I've got to say, the first one I bought worked well. So well, in fact, that I bought 3 more--2 to give as gifts and one extra to keep when I have help. The second one, however, bent the first time I used it to "transplant" a medium sized hosta. The weld had apparently weakened the metal handle. So, I e-mailed Fiskars to get a replacement based upon their unbreakable guarantee. I never got a response. After waiting forever, I went out and bent the handle back, and continued using the handle for really very light digging. Ultimately, the weld broke free from the blade, and I've got a blade and a handle to show for my prized Fiskars implement. My original shovel is still usable, but I won't use it for anything other than super light work, as I have also had the neck on this one bend with reasonable use. If I actually use it for what I want to use it for, it wont' last.
What did I learn? Well, I learned that Fiskars doesn't stand behind their products, and won't even return e-mails.
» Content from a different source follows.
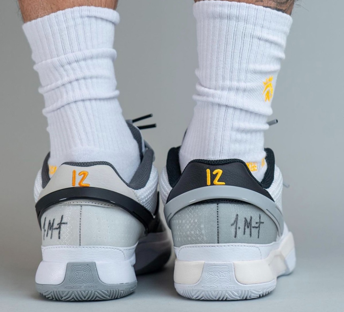 细节方面,除了鞋舌上的个性化 “JA” 字母外,后跟部分还写有他的座右铭 “不逊色于任何人(Beneath No One)”,尽显签名鞋款身份。

I also learned that if you want a true transplant shovel, don't look at a big box store. You need to go to a nursery supply store to get a real transplant shovel. "The King of Spades" is the particular brand of spade that l found that lives up to the hype. It's heavy, with serious welds and a 5 year no questions asked guarantee that it won't break. I haven't tested the guarantee yet, as I haven't broken it, but this is the spade that you are looking for if you want a transplant spade that can stand up to actually digging a hole in anything that is not pure sand or loam. Yes, it's considerably more expensive, but not as expensive as breaking two Fiskars spades and being left with nothing.
As much as I would like to give a positive nod to this Fiskars spade, I cannot recommend a tool that is built better than the average junk but is still not built well enough to use. I especially cannot recommend a tool that is touted as having a lifetime guarantee and sold as unbreakable but is completely unsupported by the company when you contact them upon failure of the tool during reasonable use. If I had been really abusing the tool, I could understand. After all, it's not like I was transplanting shrubs or trees, but small perennials. Shouldn't a "transplant shovel" be able to handle that?